Around lunchtime, a shirtless Spencer Hawes was in Edmundson Pavilion shooting jumpers. The lone bouncing ball sent a soft echo through the placid arena. It felt more like July than this month of madness.
Thank your new enemies on the NIT selection committee for their hospitality. Be sure to send them decapitated chocolate bunnies this Easter. Chairman C.M. Newton and his good ol' boys' club turned this young Washington team into the Deprived Dawgs.
But since tantrums can only last so long, let's just throw out a crazy thought today.
Once the anger subsides, the NIT snub could turn out to be a gift.
Of course, overlooking the 19-win, Pac-10 Huskies will never be right. They were hosed, deprived, robbed, pillaged, plundered, hijacked, hoodwinked, scammed, swindled and any other verb, profane or profound, you might want to use. They believed the system was fair, and the system failed them because the committee wasn't diligent.
All UW can do is complain and move forward. Griping can be therapeutic. But only learning from this cold-shoulder can bring change.
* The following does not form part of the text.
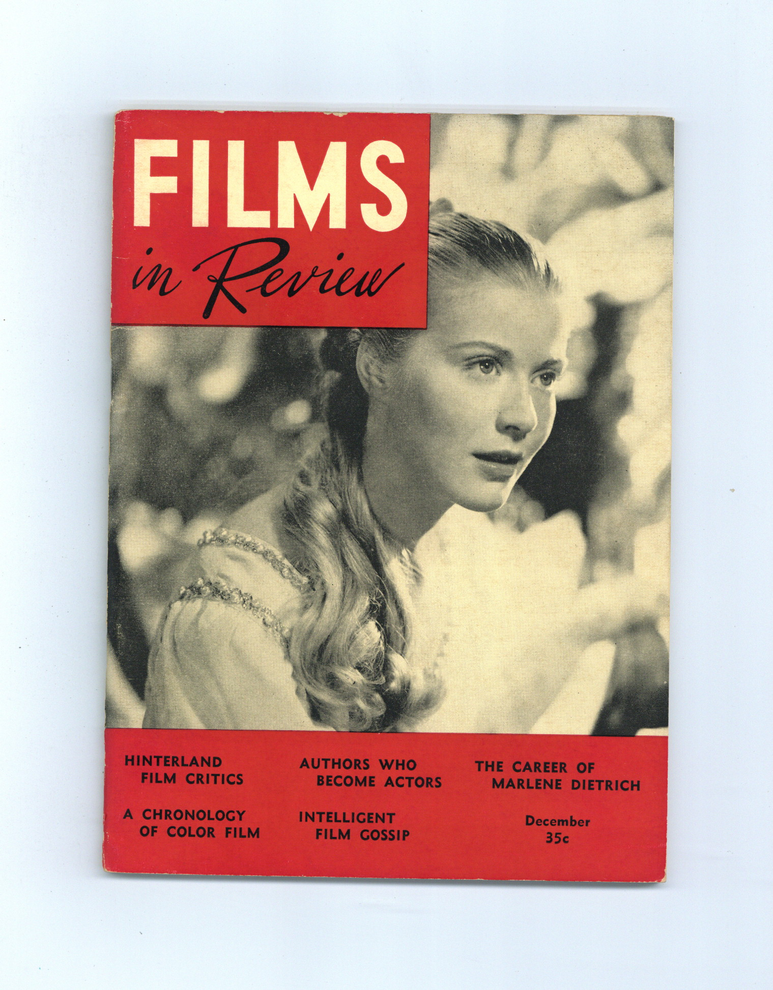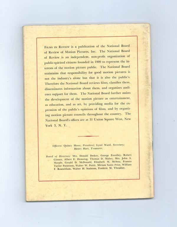 Film in Review is a publication of the National Board of Review of Motion Pictures, Inc, an independent, non-profit organization of public citizens founded in 1909 to represent the interests of the motion picture public. This National Board further assists the development of the motion picture as a source of entertainment, as education, and as art, by providing media for the expression of the public's opinion about films and their cultural and social effects. 5 1/2-in. x 7 1/2-in., 52 pages, B&W. Cover price $0.35.

The lesson: Never fall into this situation again.
Although this NIT neglect is a travesty, the Huskies aren't absolved of being an underachieving team. The season began with Final Four fantasies, which was silly of us, considering four freshmen and two sophomores resided in their rotation. Nevertheless, this should've been an NCAA tournament team, not a squad upset it won't get to play for 66th place.
"I think we can draw from that point," coach Lorenzo Romar said. "You've got to bring it. Nothing's going to be handed to you."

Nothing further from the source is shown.